### Task prompt
Your task is to reproduce the listing exactly, without its images.

=== Dataset section ===

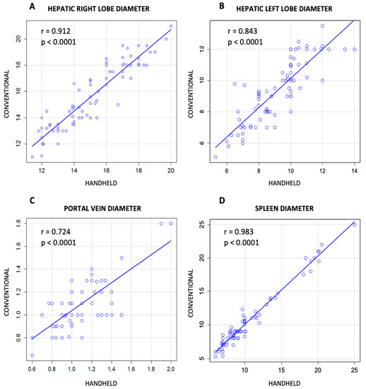 3.2. Comparison between Conventional and Handheld Ultrasound Measurement
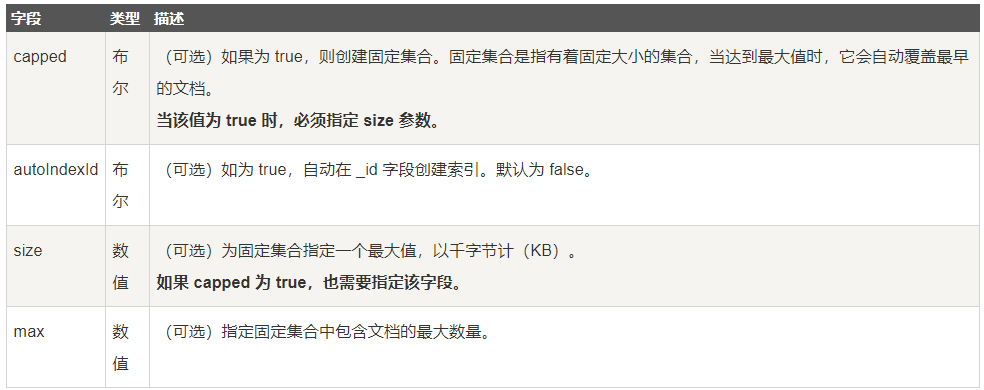 > db.createCollection("mycol", { capped : true, autoIndexId : true, size :
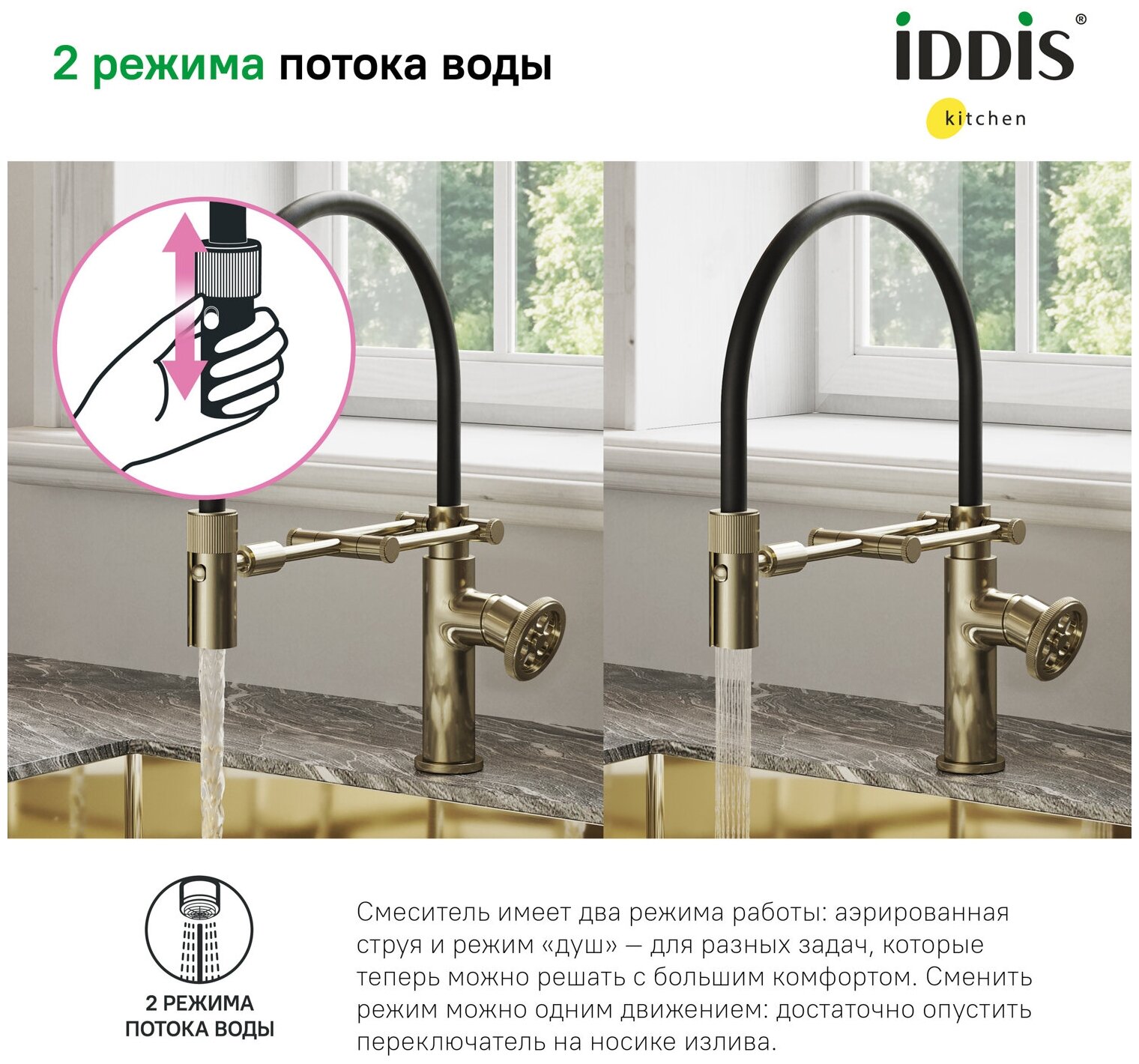Смеситель для кухни с гибким изливом, матовое золото, Grange, IDDIS, GRAMGFLi05

===

### Solution
 3.2. Comparison between Conventional and Handheld Ultrasound Measurement
 > db.createCollection("mycol", { capped : true, autoIndexId : true, size :
Смеситель для кухни с гибким изливом, матовое золото, Grange, IDDIS, GRAMGFLi05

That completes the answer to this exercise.